Part 1: Setting up Your Glacier Account
The first task is to create your Amazon Web Services (AWS) account aws.amazon.com.
Take the "My Account/Console" link at the top right of the page and follow the process. They will want your credit card
to create the account.
Once you have an account you will be offered a large number of cloud based services including virtual computers (EC2) and
highly data storage (S3) and database services (RDS). If you are a business Amazon could be a cost effective way to host
your data center (if you know how to manage the SLA).
Right now I'm assuming you are a small business or an individual that just wants cheap offsite backups. On the left
hand side there is "Getting started guide" if you're interested in the other services.
Select "Glacier...Archive Storage in the Cloud" and you are presented with a "Amazon Glacier Vaults" form and a lot of
whitespace. Select "Create Vault" and assign your "Vault Name" (I chose "Backups"). The name now appears in the form. Click
on the name and a form with "Details" appears. For now you just need an Vault to get started.
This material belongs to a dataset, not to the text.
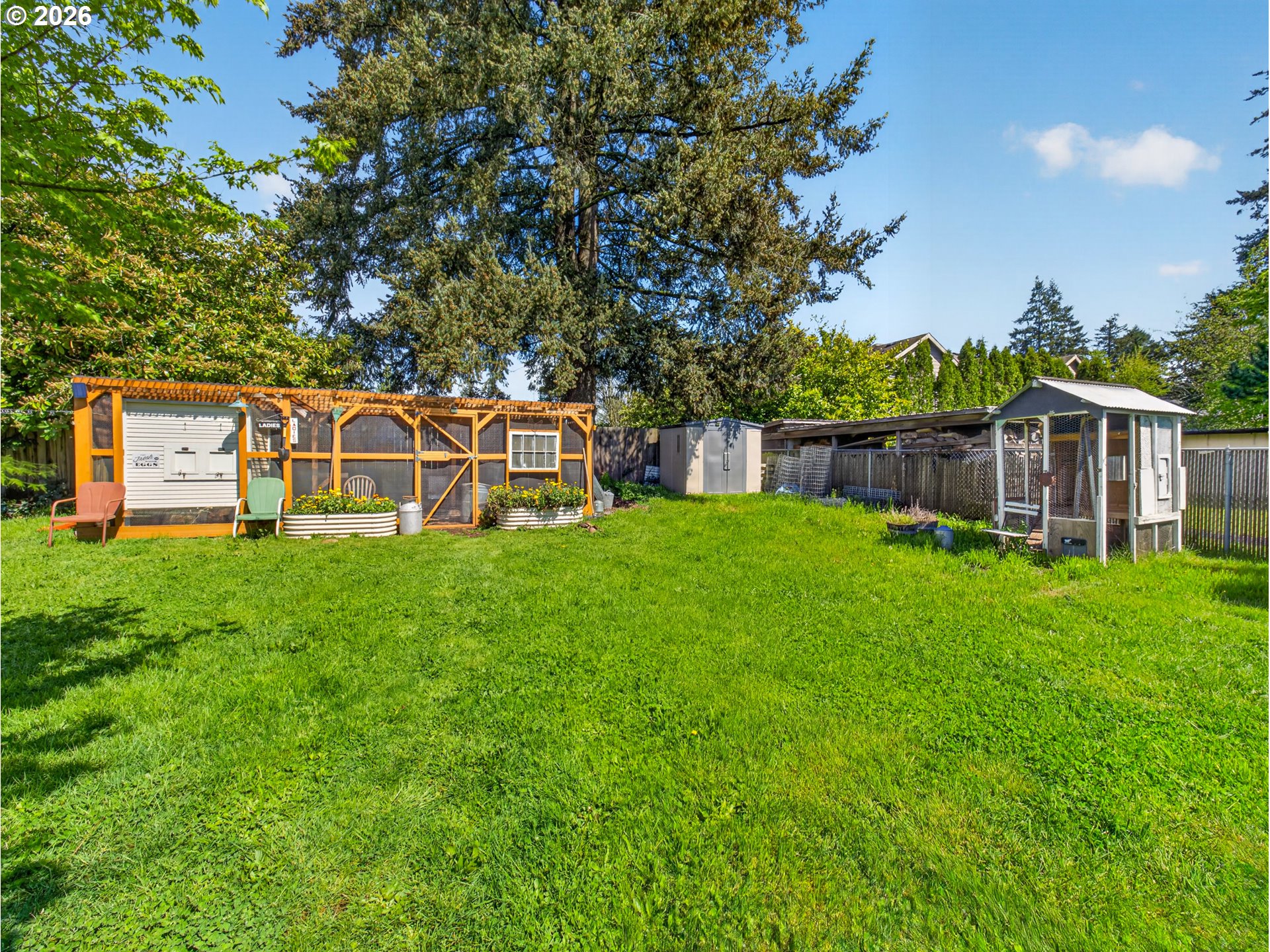 Welcome home to this charming bungalow set on a spacious 1/3 acre lot. Full of character and warmth, this home offers a great blend of comfort, updates, and usable outdoor space. Major updates completed approximately 9 years ago include the roof, furnace, windows, appliances, and tile flooring in the kitchen, bathrooms, and laundry. Stay comfortable year round with a newer AC system already in place. The property really shines outside with a large chicken coop, multiple tool sheds, and established garden beds, all included with the home. Situated on a quiet dead-end street! Whether you are looking to garden, homestead, or just enjoy the extra space, this yard is ready for it. The garage was previously converted, offering additional flexible living space to fit your needs. This property is full of charm and opportunity and is ready for its next owner. Open House Saturday, April 18th from 11AM to 1PM.

Under your account name (top right) select "Security Credentials" and copy your "Access Key ID" and your "Secret Access Key"
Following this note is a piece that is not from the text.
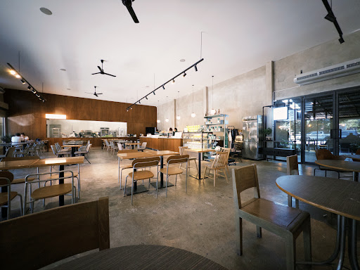 • ตัวร้านตกแต่งสไตล์มินิมอล โทนสีขาว-ไม้ ดูสะอาดโปร่ง นั่งสบาย

into a file somewhere. You will need these for your "AwsCredentials.properties" file. All your programs need a properly
populated properties file to allow access to your vault.
Part 2: Deciding on Your Development/Execution Environment
Now that you have a vault you can put things in it. This is where you have to decide on a build environment.
Amazon offers sample code for both Eclipse and non-IDE environments. Eclipse is very good about catching typos
and habits learned from other programming languages. I have a lot of the latter after years of programming in fortran,
cobol, apl, mumps, pascal, vb, c, c++, dcl, vbs, perl, and others. The problem with Eclipse is that as an IDE and you
will have to copy code to an execution environment to automate it. The programs are so small and modular that developing
in the execution environment with a good language sensitive editor (like TextPad) is effective choice.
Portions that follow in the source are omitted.